Your expansion is not written correctly (you have to use the Taylor series in more dimensions): \begin{align} f({\bf x}+{\bf h})=f({\bf x})+{\bf J}^{\text T}{\bf h}+o({\bf h}) \end{align} I denote ${\bf h}$ instead of $\triangle$, because ${\bf h}$ is a vector.
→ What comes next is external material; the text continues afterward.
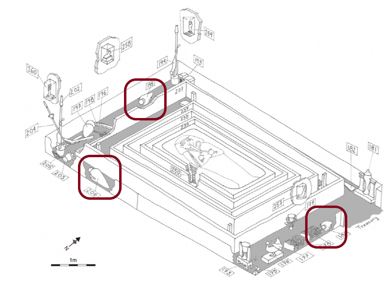Além dos vinhos presentes na câmara anexa, que funcionaria como uma dispensa, o que mais chamou a atenção dos arqueólogos foi a presença de vinhos também na câmara principal. No espaço onde estava o sarcófago do faraó, foram encontrados mais três recipientes com vinho, entre a parte externa do sarcófago e as paredes situadas a leste, oeste e sul.
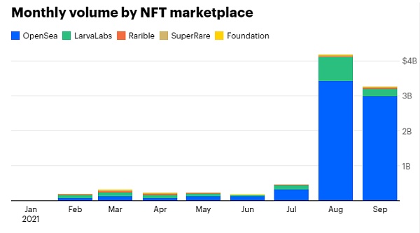 XRP/HKD-2.53%2020 年,超過 2 億美元的 NFT 易手。今年 2 月的銷量超過了去年全年,銷售額為 3.4 億美元。然后 8 月打破了所有記錄,頂級市場 Opensea 的 NFT 總交易量超過40 億美元。當您將以太坊以外的平臺考慮在內時,僅第三季度的二級銷售額可能就超過 了 100 億美元。

Also $f$ is a scalar function, therefore $f^{\text{T}}=f$. Also note that ${\bf J}^{\text{T}}{\bf h}={\bf{h}}^{\text{T}}{\bf J}$. You have to evaluate one half of the quadrat: \begin{align} \frac{1}{2}(f+{\bf J}^{\text{T}}{\bf h})(f+{\bf J}^{\text{T}}{\bf h})=\frac{f^2}{2}+f\underbrace{{\bf J}^{\text{T}}{\bf h}}_{{\bf{h}}^{\text{T}}{\bf J}}+\frac{1}{2}{\bf{h}}^{\text{T}}{\bf J}{\bf J}^{\text{T}}{\bf h} \end{align} Derivative of the second and third term can be obtained form a general definition of the first derivative \begin{align} a({\bf h}+\text{d}{\bf h})=a({\bf h})+(\text{d}{\bf h})^{\text{T}}\frac{\partial a}{\partial {\bf h}}+o(\text{d}{\bf h}) \end{align} The second term gives ${\bf h}^{\text{T}}f{\bf J}$ i.e. derivative $f{\bf J}$, the last term gives derivative ${\bf JJ}^{\text{T}}{\bf h}$, which is seen from \begin{align} \frac{1}{2}({\bf{h}}+{\text{d}\bf{h}})^{\text{T}}{\bf{JJ}}^{\text{T}}({\bf{h}}+{\text{d}\bf{h}})=_{\text{linear terms only}} \frac{1}{2}\left[({\text{d}\bf{h}})^{\text{T}}{\bf{JJ}}^{\text{T}}{\bf h} + {\bf h}^{\text{T}}{\bf{JJ}}^{\text{T}}({\text{d}\bf{h}})\right]={\bf h}^{\text{T}}{\bf{JJ}}^{\text{T}}({\text{d}\bf{h}})=({\text{d}\bf{h}})^{\text{T}}{\bf{JJ}}^{\text{T}}{\bf h} \end{align} where the last equality is due to symmetry of ${\bf JJ}^{\text{T}}$. All together: \begin{align} f{\bf J}+{\bf JJ}^{\text{T}}{\bf h}. \end{align}

Solution 2:

Gauss-Newton method is applied to minimize objective function with the form $\phi(\mathbf{x}) = \| \mathbf{r}(\mathbf{x}) \|^2$.

At $k$-th iterate, GN approximates the term using Taylor expansion $$ \mathbf{r}_{GN}(\mathbf{x}) = \mathbf{r}_k + \mathbf{J}_k \left( \mathbf{x}-\mathbf{x}_k \right) \simeq \mathbf{r}(\mathbf{x}) $$ with the notations $\mathbf{r}_k = \mathbf{r}(\mathbf{x}_k)$ and the Jacobian $\mathbf{J}_k = \mathbf{J}(\mathbf{x}_k)$.

The differential writes now $ d\phi_{GN} = 2\mathbf{r}_{GN}(\mathbf{x}): \mathbf{J}_k d\mathbf{x} $ and thus the derivative is $$ \frac{\partial \phi_{GN}}{\partial \mathbf{x}} = 2\mathbf{J}_k^T \mathbf{r}_{GN}(\mathbf{x}) $$

Setting the derivative to zero yields the GN update \begin{eqnarray*} \mathbf{x}_{k+1} &=& \mathbf{x}_k - \left( \mathbf{J}_k^T \mathbf{J}_k \right)^{-1} \mathbf{J}_k^T \mathbf{r}_k \end{eqnarray*}